### Prompt
Using the entries below, copy exactly each line from the line with "Used with Namely, Namely" up to and including the line with "Description: FN 1922", with every picture left out.
Top of Data for processing
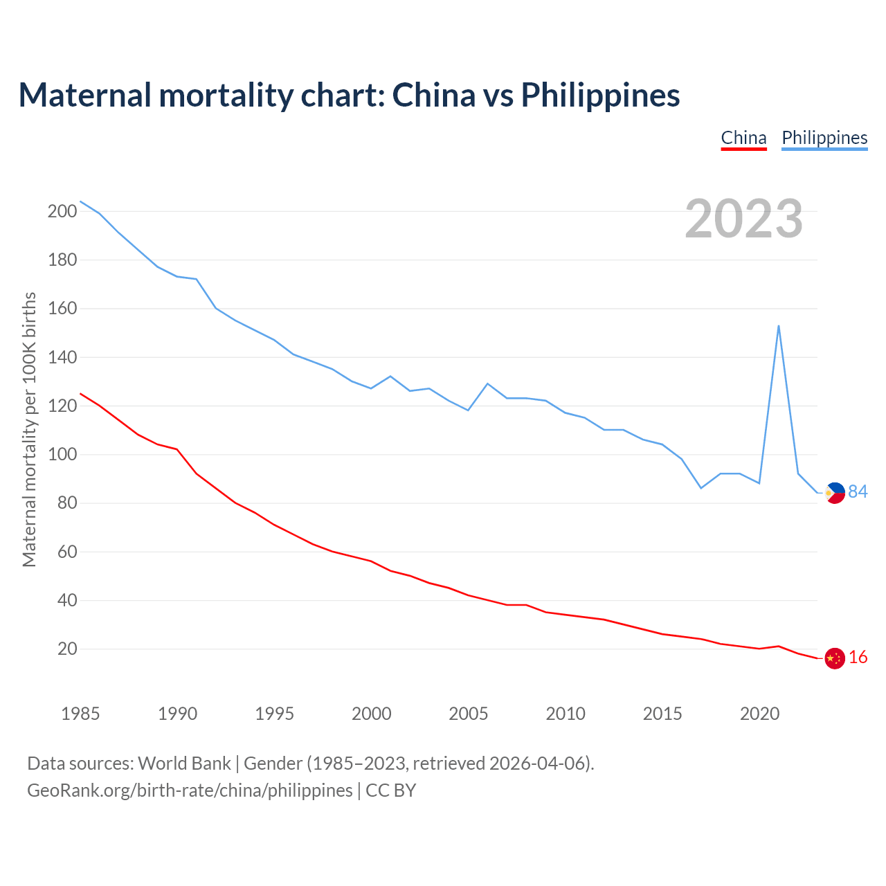 The maternal mortality rate, which is the probability of dying during childbirth or within 42 days of pregnancy termination, is 16 deaths per 100,000 live births in China, compared to 84 deaths in the Philippines.
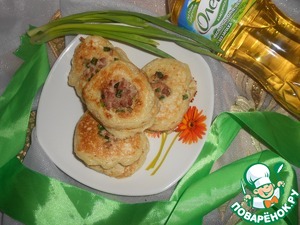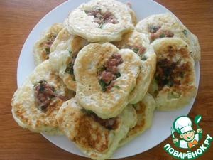 Оладьи или блины с припеком-одно из оригинальных блюд русской кухни. Для припека можно использовать любые продукты-мясной фарш, ветчину, грибы, курицу, сыр, креветки.
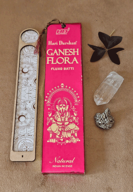 Es un canal hacia dimensiones superiores de paz y claridad. La fragancia se elabora con una cuidadosa selección de hierbas, flores, resinas y aceites esenciales, que se combinan según antiguas recetas ayurvédicas. Al encender una varilla de Ganesh Flora, invocas la presencia de Lord Ganesh, atrayendo su bendición para remover barreras, ya sean físicas, mentales o espirituales. Es ideal para meditaciones profundas, rituales de purificación y prácticas de yoga, ya que ayuda a equilibrar los chakras, especialmente el chakra raíz, promoviendo una base sólida y segura. Además, se cree que purifica el ambiente, eliminando energías negativas y proporcionando una atmósfera de protección y bienestar.
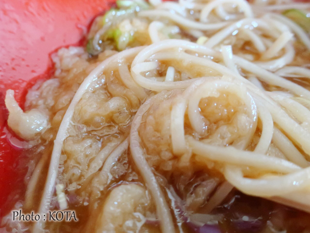 そばが、きりっとしたおつゆ、天かすの油と香りを引き連れ、口の中はふくよかな旨味でいっぱいに。
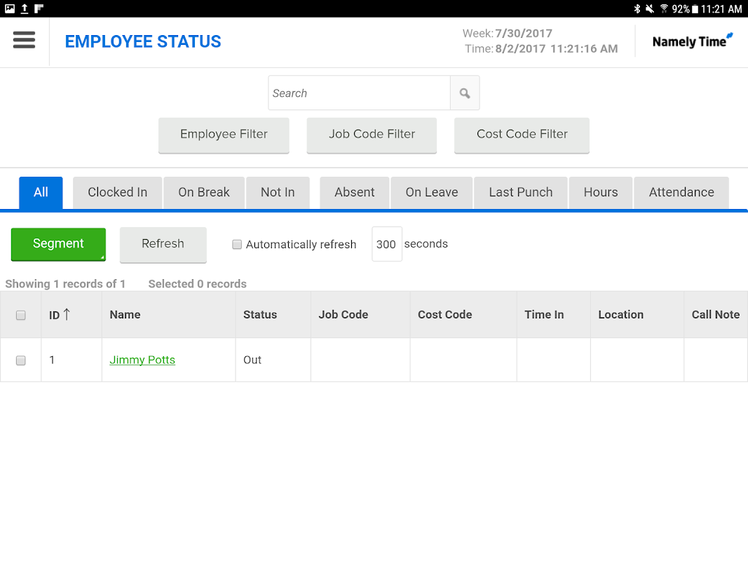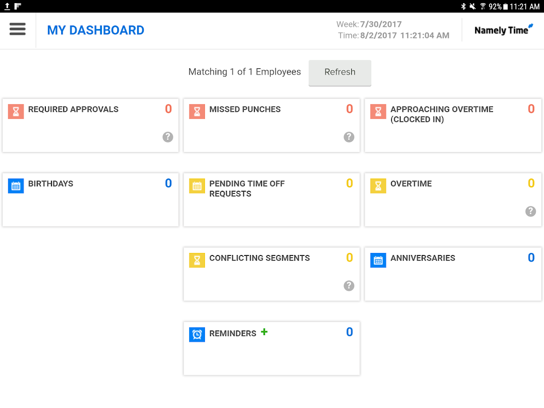 Used with Namely, Namely Time. Whether you are on-site or on-the-go, get a real-time snapshot of employee information right to your tablet using Wi-Fi or 3G/$G/LTE connectivity. Used with Namely Time Manager, Mobile Manager lets you easily access the dashboard, Employee Status monitor, and messaging so you can make those important, time-sensitive business decisions where ever you may go.
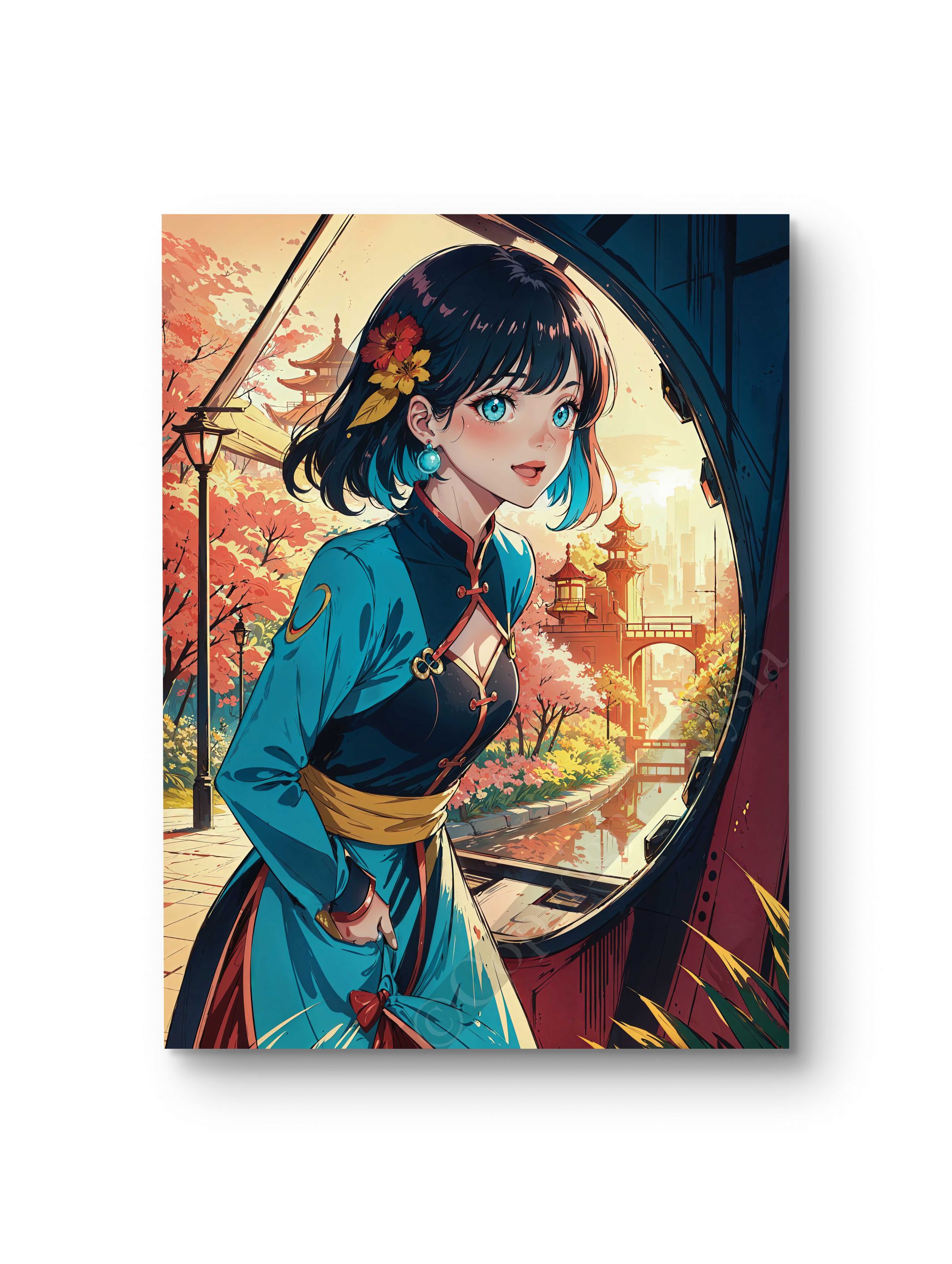 Ce tableau en style anime illustre une femme vêtue d’une robe traditionnelle, se promenant sous un ciel automnal aux teintes chatoyantes. Son regard serein et l’atmosphère apaisante du décor en font une pièce parfaite pour une décoration chaleureuse et raffinée. Disponible en plusieurs tailles et supports (toile, châssis entoilé, verre, verre acrylique, aluminium).
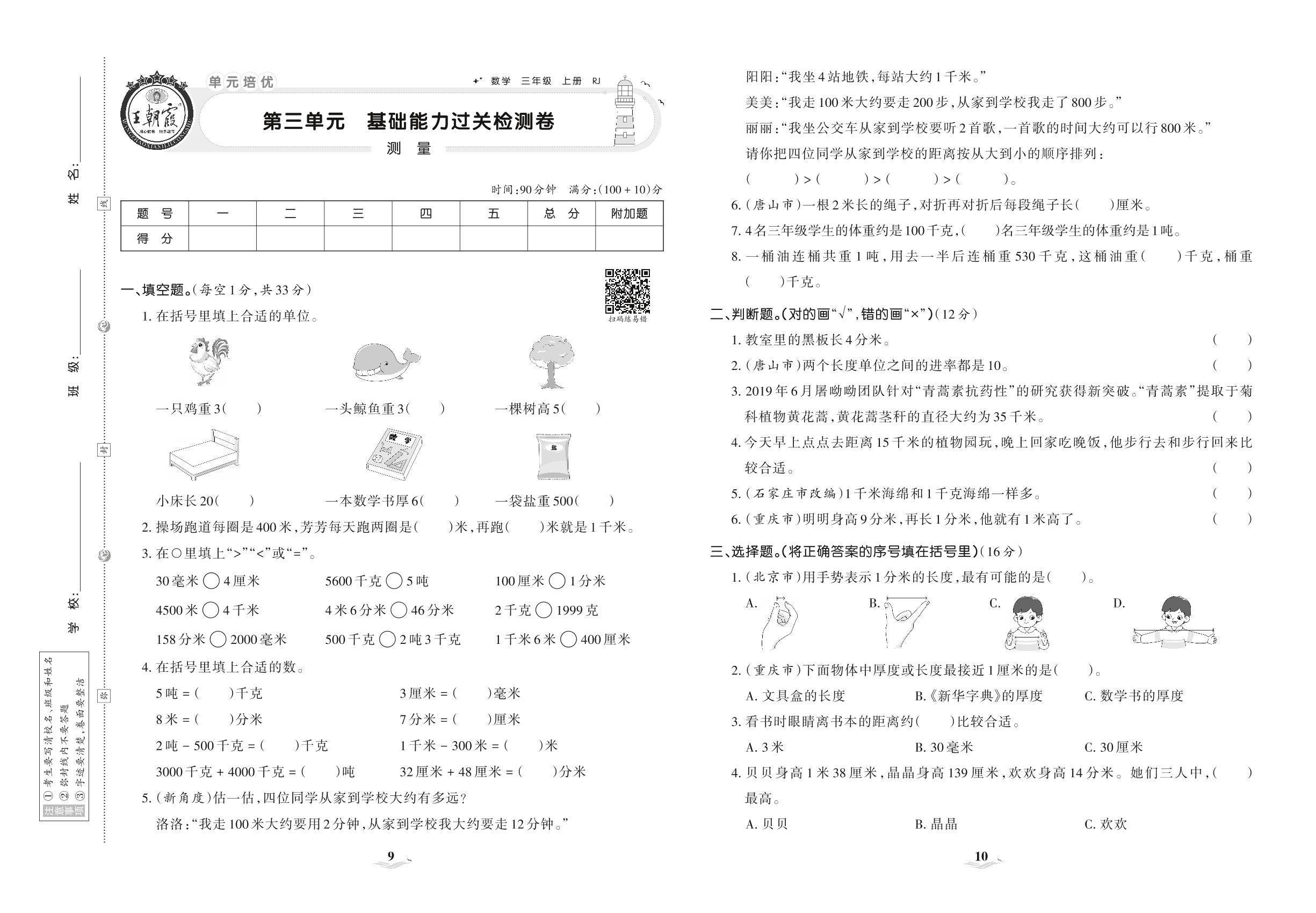 2021上册三年级数学人教版 第三单元 基础能力过关检测卷
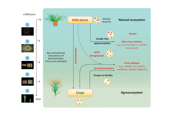 该文揭示了野生植物、作物和杂草之间存在复杂的进化关系。作物驯化自野生植物,人类祖先把许多“草”变成了作物,即便是恶性杂草,例如栽培稗等,同时,作物内部也可能出现叛逆者,成为与作物争光争肥的杂草,杂草稻就是这样一个案例。目前,主要作物基因组都已测序完成,随着杂草基因组的破解,为研究人员了解作物-杂草竞争和杂草超强竞争力的分子机制提供了绝佳机会。近年来,一些重要作物与杂草互作分子机制被揭示,例如杂草化感、作物去驯化(杂草化)、寄生杂草跨界调控等方面。同时,这些研究为作物育种和遗传资源利用指明了方向。(通讯员 陈鎏琰)
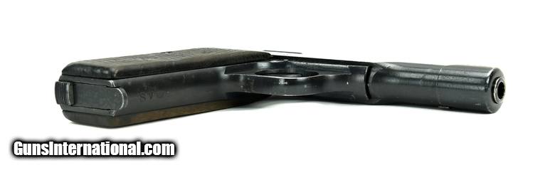 Description: FN 1922 .32 ACP caliber pistol. Gun has German Waffenamts. WWII German Army issue after the FN factory fell to the Germans. Bore is near excellent. Gun has near 95-97% original blue. Grips are good plus with some isolated nicks. Action works perfectly. Note: There are two very small spots where some marking (probably West German “Vopo” police issue post war mark) has been expertly removed. These “removal” marks are often seen on P38s and pocket autos such as this 1922. SOLD |
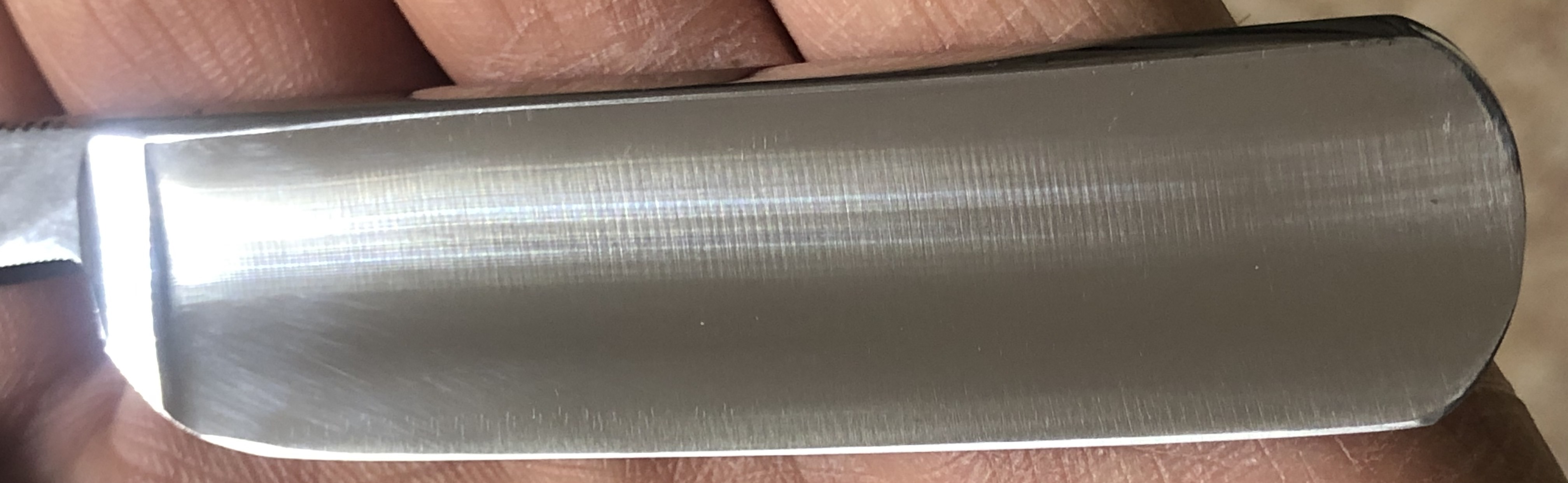 Идеальная геометрия полотна:кромочка равномерна по всей длине.Сталь чистая, без видимых дефектов.Ничего не болтается и не люфтит. Очень неплохой вариант для новичка, как удобный и совершенно недорогой инструмент.
Bottom of Data for processing
### Result
 Used with Namely, Namely Time. Whether you are on-site or on-the-go, get a real-time snapshot of employee information right to your tablet using Wi-Fi or 3G/$G/LTE connectivity. Used with Namely Time Manager, Mobile Manager lets you easily access the dashboard, Employee Status monitor, and messaging so you can make those important, time-sensitive business decisions where ever you may go.
 Ce tableau en style anime illustre une femme vêtue d’une robe traditionnelle, se promenant sous un ciel automnal aux teintes chatoyantes. Son regard serein et l’atmosphère apaisante du décor en font une pièce parfaite pour une décoration chaleureuse et raffinée. Disponible en plusieurs tailles et supports (toile, châssis entoilé, verre, verre acrylique, aluminium).
 2021上册三年级数学人教版 第三单元 基础能力过关检测卷
 该文揭示了野生植物、作物和杂草之间存在复杂的进化关系。作物驯化自野生植物,人类祖先把许多“草”变成了作物,即便是恶性杂草,例如栽培稗等,同时,作物内部也可能出现叛逆者,成为与作物争光争肥的杂草,杂草稻就是这样一个案例。目前,主要作物基因组都已测序完成,随着杂草基因组的破解,为研究人员了解作物-杂草竞争和杂草超强竞争力的分子机制提供了绝佳机会。近年来,一些重要作物与杂草互作分子机制被揭示,例如杂草化感、作物去驯化(杂草化)、寄生杂草跨界调控等方面。同时,这些研究为作物育种和遗传资源利用指明了方向。(通讯员 陈鎏琰)
 Description: FN 1922 .32 ACP caliber pistol. Gun has German Waffenamts. WWII German Army issue after the FN factory fell to the Germans. Bore is near excellent. Gun has near 95-97% original blue. Grips are good plus with some isolated nicks. Action works perfectly. Note: There are two very small spots where some marking (probably West German “Vopo” police issue post war mark) has been expertly removed. These “removal” marks are often seen on P38s and pocket autos such as this 1922. SOLD |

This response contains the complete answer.